An exact transcription of the listing, without its images, is what the answer must contain.

#### [Supplied data]

# # # #

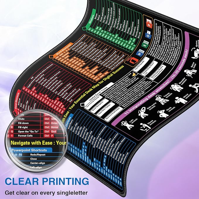 - Useful and Interesting Shortcut Key Patterns: Featuring an Excel/Word/Power Point shortcut mouse pad design, this cheat sheet desk mat is perfect for anyone who frequently uses computer. Keep essential shortcuts and formulas at your fingertips, saving time and boosting productivity
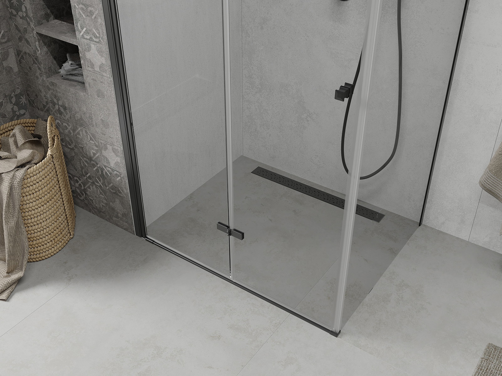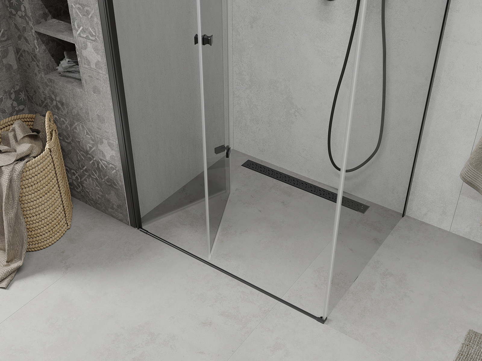 Možnost skládání dveří, jak dovnitř, tak ven, umožňuje získat více prostoru při nepoužívání sprchy. Je to ideální řešení pro menší koupelny, maximálně využívající dostupný prostor.
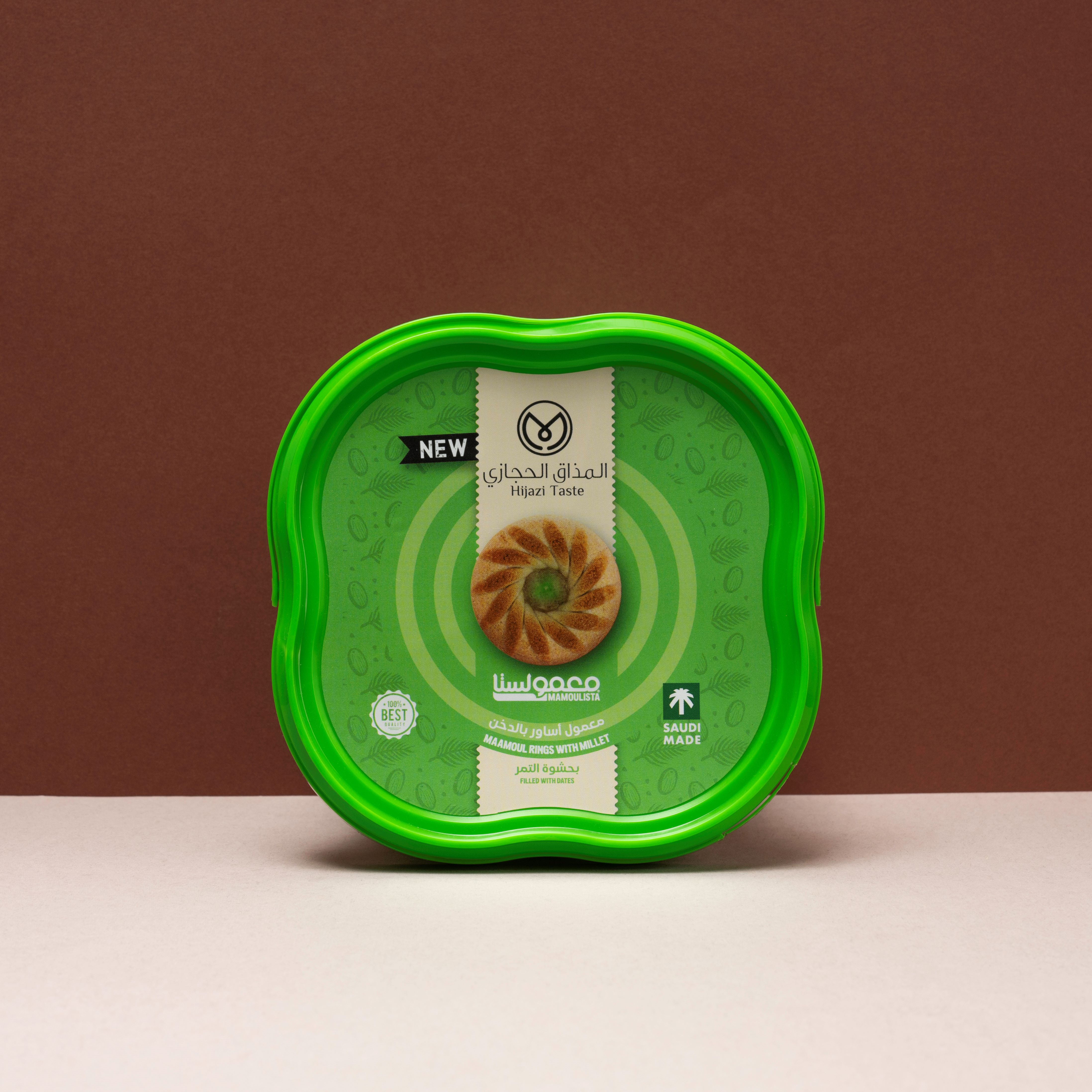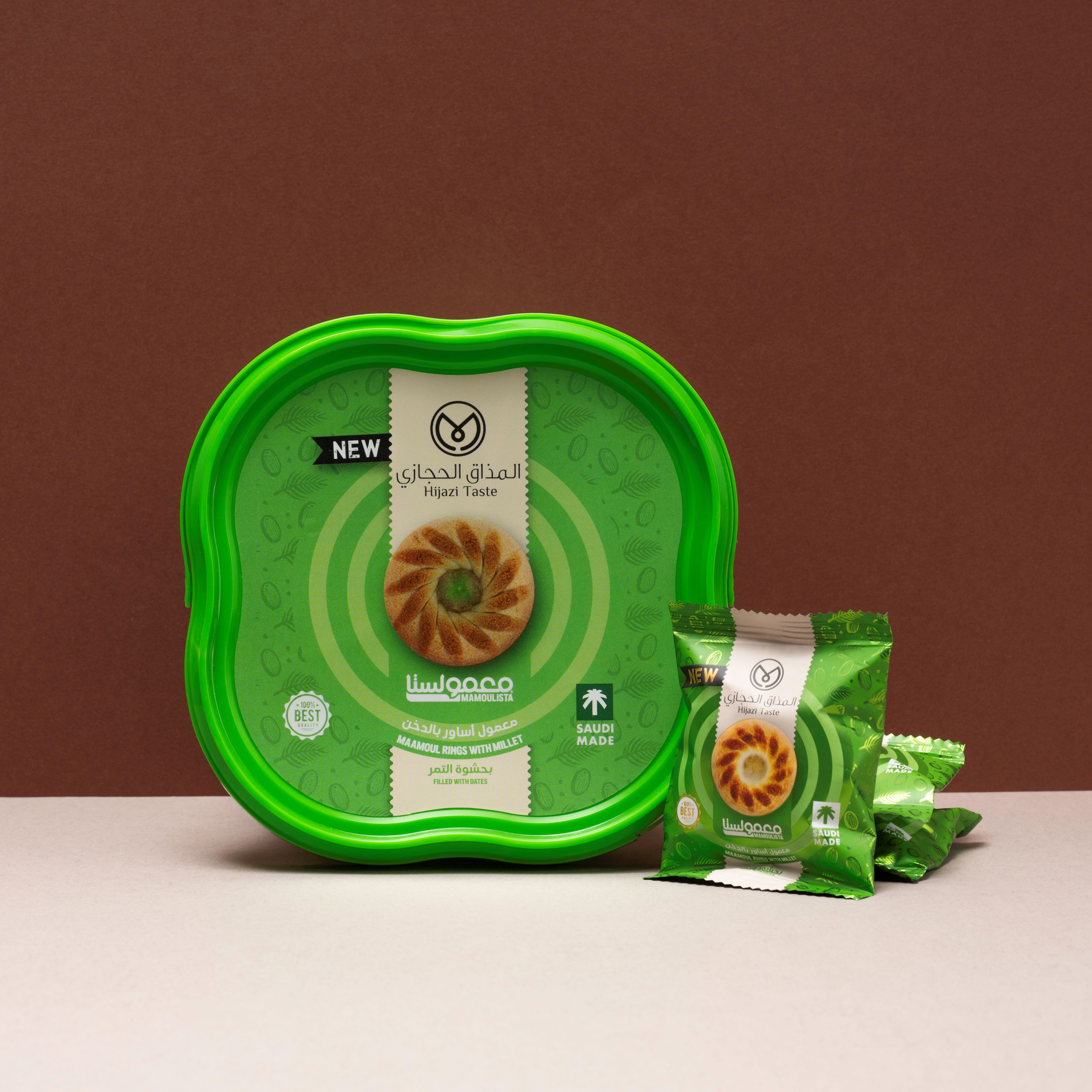 بدقيق الدخن الفاخر محشو بالتمر السعودي. مقدم لكم بتغليف عصري و مناسب ،أساور معمولستا من المذاق الحجازي لأهل المذاق.

# # # #

#### [Response box]
 - Useful and Interesting Shortcut Key Patterns: Featuring an Excel/Word/Power Point shortcut mouse pad design, this cheat sheet desk mat is perfect for anyone who frequently uses computer. Keep essential shortcuts and formulas at your fingertips, saving time and boosting productivity
 Možnost skládání dveří, jak dovnitř, tak ven, umožňuje získat více prostoru při nepoužívání sprchy. Je to ideální řešení pro menší koupelny, maximálně využívající dostupný prostor.
 بدقيق الدخن الفاخر محشو بالتمر السعودي. مقدم لكم بتغليف عصري و مناسب ،أساور معمولستا من المذاق الحجازي لأهل المذاق.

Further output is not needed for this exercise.